Hello. My name is Dr. David Edward-Ooi Poon. Please call me David.
I am the founder of Faces of Advocacy, a grassroots Canadian organization that was responsible for federal immigration policy changes for the safe reunification of multinational families during the COVID-19 pandemic-related travel restrictions.
I have the sincerest gratitude for many parliamentarians, including many here today, who helped bring together Canadian families in a responsible way by listening to the experience and pain of so many first-hand. I hope we can do that again today.
I want to begin by telling you why I founded Faces of Advocacy.
Early in the pandemic, the government completely ignored multinational Canadian families, Canadian families who had partners, children or parents of different citizenships. The rules at the time were vague enough, however, that they could be interpreted to mean that the international family members of Canadian citizens could come into Canada, and there were multiple reports of CBSA agents allowing that.
My partner is an Irish national. She had contacted the CBSA, the IRCC and the embassy, even receiving a letter from the consulate in Europe attesting to our relationship status. She was told that she could come to Canada. Upon landing in Toronto, the CBSA agent did not allow her to enter, outright lying to her that there was no way to speak to a supervisor, denying her the time to read any forms before she was forced to sign them and intimidating her by calling her a liar.
That same agent admitted to her later that day that he knew she was not a liar, but still he used these aggressive intimidation tactics alongside outright falsehoods. We later submitted an ATIP on the interaction where the CBSA agent did not record his unprofessional behaviour nor the misinformation he presented to my partner. He faced no consequences.
Members of the committee, I am the face of a national organization of over 10,000 people who caused the government to change federal policy. Whenever I enter the country with my partner, I am still scared. Imagine that I was a person without a platform just wanting to be with their family.
John McCall is such a person. He is an American citizen who fell in love and married a Canadian woman, Donna, 40 years ago. While their children have a right to Canadian citizenship, they were Americans in the eyes of the CBSA. When Donna became ill early in the pandemic, the McCall children pleaded with the CBSA for a compassionate exemption to allow them to be with their mother before she passed. They were given a form letter response that a Canadian passport was needed. We know that different CBSA agents at the time interpreted the pandemic-related border restrictions to allow family reunification, but with unclear rules and CBSA agents unwilling to help the McCall family find a solution or even escalate them to someone who could, the McCall children said goodbye to their mother over FaceTime.
John and I connected. We worked with Faces of Advocacy. We changed federal policy with Public Safety's help much later. Despite these seeming victories, there were those who were still denied entry into Canada or treated like liars, despite well-documented compliance with entry exemption requirements, simply due to the whims or unwillingness to listen of individual CBSA agents. Immigrants quickly learned that they had no recourse to challenge the decisions made by CBSA agents under the authority or discretion afforded to them without oversight.

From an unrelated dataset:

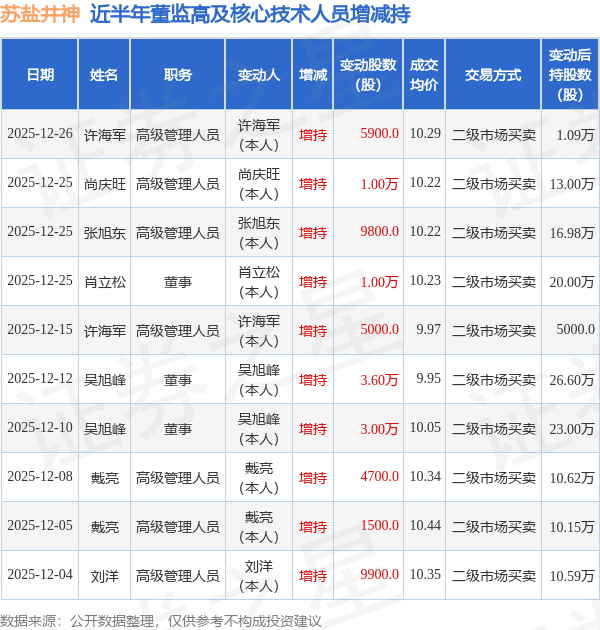 证券之星消息,根据12月26日市场公开信息、上市公司公告及交易所披露数据整理,苏盐井神(603299)最新董监高及相关人员股份变动情况:2025年12月26日公司高级管理人员许海军共增持公司股份5900.0股,占公司总股本为0.0008%。变动期间公司股价上涨0.19%,12月26日当日收盘报10.28元。

It is for those reasons that Faces of Advocacy is pleased to support Bill C-20, which seeks to level the imbalance of power between the complainants and the CBSA. We are in strong support of the proposed empowerment of the public complaints and review commission to impose disciplinary measures upon the CBSA and the requirement for the commission to produce an annual report that must include disaggregated race-based data.

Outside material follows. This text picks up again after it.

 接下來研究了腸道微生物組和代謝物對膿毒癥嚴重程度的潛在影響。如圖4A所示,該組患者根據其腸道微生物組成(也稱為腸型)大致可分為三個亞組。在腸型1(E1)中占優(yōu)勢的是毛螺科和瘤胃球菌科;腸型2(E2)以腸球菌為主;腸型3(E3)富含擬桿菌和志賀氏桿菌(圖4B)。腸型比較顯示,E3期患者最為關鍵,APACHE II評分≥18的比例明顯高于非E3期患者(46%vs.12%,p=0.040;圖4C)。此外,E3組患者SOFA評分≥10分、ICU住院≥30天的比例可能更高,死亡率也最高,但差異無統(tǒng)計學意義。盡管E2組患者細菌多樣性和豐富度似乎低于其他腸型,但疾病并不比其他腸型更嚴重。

There are three areas of Bill C-20 we wish for the committee to refine.
The first, in part 1, is about the joint time limit service standards established between the commission and the CBSA. The PCRC has been made necessary by the inability and, at times, outright obstruction of the CBSA to investigate good-faith complaints. Our organization has heard many complaints from immigrants to Canada who have been told that there's no access to a CBSA agent supervisor and that the agent's decision is final. These people have essentially been threatened if they dare to question the agent.
We fear a requirement to “jointly establish” service standards will be viewed by the CBSA as an opportunity to delay investigation and, therefore, delay justice. We ask that the committee replace the existing directives as they are written and develop reasonable service standards, particularly in urgent cases.
The second is in clause 9 of part 1, which speaks to education and information about the commission. We agree that the commission's existence and purpose need to be well known. It is our belief, though, that the mandate and processes of the PCRC must be specifically and clearly promoted at key points of individual contact with the CBSA and that the onus must be placed on the CBSA to satisfy this promotion requirement.